CONCLUSIONS: A meaningful effect of 16-week TTS treatment on 24-hour average SBP among men with hypogonadism could not be ruled out based on the study\'s noninferiority criterion. The magnitude of mean changes observed may not be clinically meaningful regarding cardiovascular events.
METHODS: In a single-arm, noninferiority trial conducted at 41 US sites, 168 men (mean age: 56.2 years) with hypogonadism not receiving testosterone replacement therapy in the past 6 months were enrolled and received ≥1 study drug dose. Nightly TTS treatment was administered for 16 weeks (starting dose: 4 mg/d; min, max dose: 2, 6 mg/d) to achieve testosterone concentration of 400-930 ng/dL. The primary endpoint was mean change from baseline to week 16 in 24-hour systolic BP (SBP). Noninferiority was determined based on the upper bound of the 2-sided 95% CI <3.0 mmHg.

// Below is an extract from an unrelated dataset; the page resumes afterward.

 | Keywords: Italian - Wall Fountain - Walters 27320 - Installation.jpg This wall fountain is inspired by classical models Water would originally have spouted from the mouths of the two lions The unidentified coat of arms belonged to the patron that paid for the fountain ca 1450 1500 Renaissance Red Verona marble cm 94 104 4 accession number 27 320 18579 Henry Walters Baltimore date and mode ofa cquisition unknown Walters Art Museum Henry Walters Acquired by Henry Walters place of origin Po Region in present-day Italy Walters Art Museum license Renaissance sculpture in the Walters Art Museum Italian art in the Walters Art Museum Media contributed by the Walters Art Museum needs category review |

RESULTS: Sixty-two men had ≥85% study drug compliance and a valid week 16 ambulatory BP monitoring session. Mean change from baseline to week 16 in 24-hour average SBP was 3.5 mmHg (95% CI, 1.2-5.8 mmHg; n = 62). Since the upper limit of the CI was >3 mmHg, an effect of TTS could not be ruled out. Mean changes were larger at daytime vs nighttime and in subgroups of men with vs without hypertension. Cardiovascular adverse events were rare (<2%) and nonserious; no major cardiovascular adverse events were reported.
CONCLUSIONS: A meaningful effect of 16-week TTS treatment on 24-hour average SBP among men with hypogonadism could not be ruled out based on the study\'s noninferiority criterion. The magnitude of mean changes observed may not be clinically meaningful regarding cardiovascular events.
摘要:
目的:需要研究睾酮替代疗法(TRT)对动态血压(BP)参数的影响。这项研究使用24小时动态BP监测(ABPM)评估了睾丸激素透皮系统(TTS)。
方法:在单臂中,在41个美国地点进行的非劣效性试验,168名男性(平均年龄:56.2岁)在过去6个月内未接受TRT的性腺机能减退患者纳入研究,并接受≥1次研究药物剂量。每晚TTS治疗16周(起始剂量:4mg/d;min,最大剂量:2,6mg/d)以达到400-930ng/dL的睾酮浓度。主要终点是24小时收缩压(SBP)从基线到第16周的平均变化。根据双侧95%CI<3.0mmHg的上限确定非劣效性。
结果:62名男性有≥85%的研究药物依从性和有效的16周ABPM疗程。从基线到第16周24小时平均SBP的平均变化为3.5mmHg(95%CI,1.2-5.8mmHg;n=62)。由于CI的上限>3mmHg,不能排除TTS的影响。白天和夜间以及有高血压和无高血压的男性亚组的平均变化更大。心血管不良事件(AEs)罕见(<2%)且非严重;未报告重大心血管不良事件。
结论:根据研究的非劣效性标准,不能排除16周TTS治疗对性腺机能减退男性24小时平均SBP有意义的影响。观察到的平均变化幅度对于心血管事件可能没有临床意义。
方法:在单臂中,在41个美国地点进行的非劣效性试验,168名男性(平均年龄:56.2岁)在过去6个月内未接受TRT的性腺机能减退患者纳入研究,并接受≥1次研究药物剂量。每晚TTS治疗16周(起始剂量:4mg/d;min,最大剂量:2,6mg/d)以达到400-930ng/dL的睾酮浓度。主要终点是24小时收缩压(SBP)从基线到第16周的平均变化。根据双侧95%CI<3.0mmHg的上限确定非劣效性。
结果:62名男性有≥85%的研究药物依从性和有效的16周ABPM疗程。从基线到第16周24小时平均SBP的平均变化为3.5mmHg(95%CI,1.2-5.8mmHg;n=62)。由于CI的上限>3mmHg,不能排除TTS的影响。白天和夜间以及有高血压和无高血压的男性亚组的平均变化更大。心血管不良事件(AEs)罕见(<2%)且非严重;未报告重大心血管不良事件。
结论:根据研究的非劣效性标准,不能排除16周TTS治疗对性腺机能减退男性24小时平均SBP有意义的影响。观察到的平均变化幅度对于心血管事件可能没有临床意义。